Several years ago, the flight I was on slid off the end of the runway in Milwaukee. It’s hard to express the terror I felt without lapsing into profanity, so I won’t even try. Nobody was severely injured (I had no physical injuries at all), but what should have been a routine trip and a restful night ended up with me finally getting off the plane well after the car rental booth had closed for the night. They wouldn’t let us off until they got enough plywood to put on the mud so that we wouldn’t have to slog through 100 yards of mud up to our knees.

I didn’t know anyone I could call, and my checked luggage was in a plane that was sunk about 6 feet into mud, rendering the cargo hatch inaccessible. Since there wasn’t anything that I could do about it, I just told myself that I was lucky to be alive, and that I would endure.

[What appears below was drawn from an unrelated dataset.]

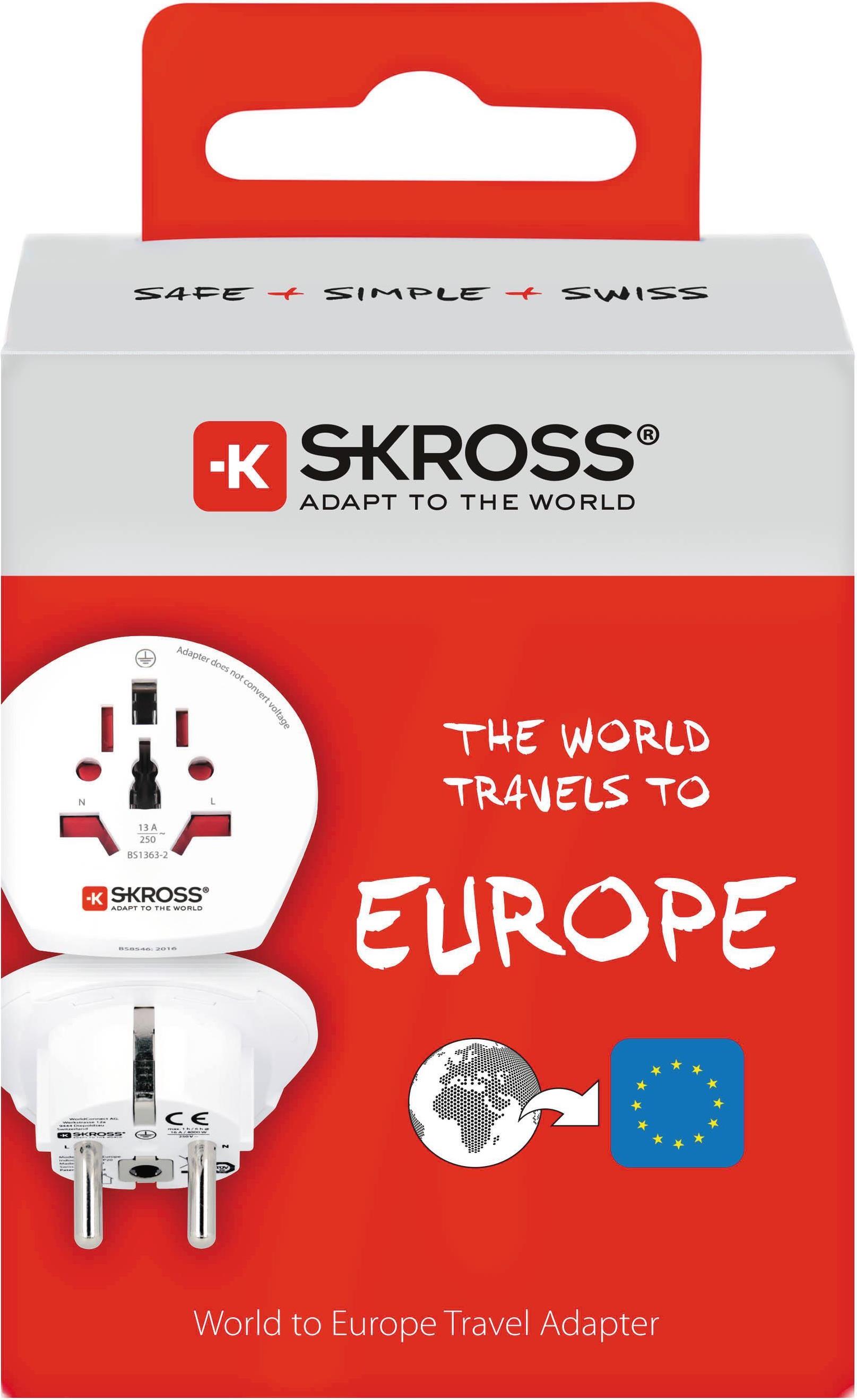 SKROSS Länderstecker Europe to UK Grossbritannien, ich komme! Der Länderstecker Europe to UK ist ideal, wenn Sie in Länder mit britischem Steckdosenstandard reisen. So können Sie vor Ort alle Ihre 2- und 3-poligen Geräte mit Schutzkontakt- bzw. Euro-Stecker anschliessen. (1500230 E)

I recalled the story of Solomon.

I found a corner, used my carry-on as a pillow, and slept on a hard floor in the terminal until sunrise. I awoke stiff and sore, but alive and uninjured. I had a theatrical performance that day, but my costume was in my checked luggage. I rented a car, got to the performance site, and with the help of the folks there, we cobbled together a costume. The show went on. The next day, the airline had managed to dig through enough of the mud to access the cargo hold. I got my luggage, and life returned to more-or-less normal.

You are going to face turmoil and difficulties throughout your life. These too shall pass. Regardless of how tough things get, your situation isn’t going to last forever. Try telling yourself that you will survive, and things will eventually improve. No matter what the problem, what turmoil you are facing, this too shall pass.

At some point, you will look back and recognize the lesson that you learned, and use that to improve your future.

A lesson from that night in Milwaukee: Ask for help if you really need it. And express gratitude when you get that help. I came through that experience feeling pretty good about myself and my new friends.

Another lesson: I can now see things from a different perspective. I came close to being injured or killed that night. Having a bad day at work is not that big of a deal anymore. Even losing a job doesn’t compare to what I went through that night in Milwaukee.

Eventually, whatever turmoil you are currently experiencing will be nothing but a memory. It won’t matter any more. You might even look back and laugh, or you might even be incredibly thankful for what looked like a terrible ordeal at the time, because what came out of it was good. Or, at least OK.

What is going on right now is just a tiny part of your whole life. Keep sight of the Big Picture.

Life will also have beautiful moments. You will endure the pain, because you understand that it will be worth it. You will overcome that pain – the process can be part of your self improvement plan.

During difficult times, you will at least discover who your real friends are. That can be valuable information.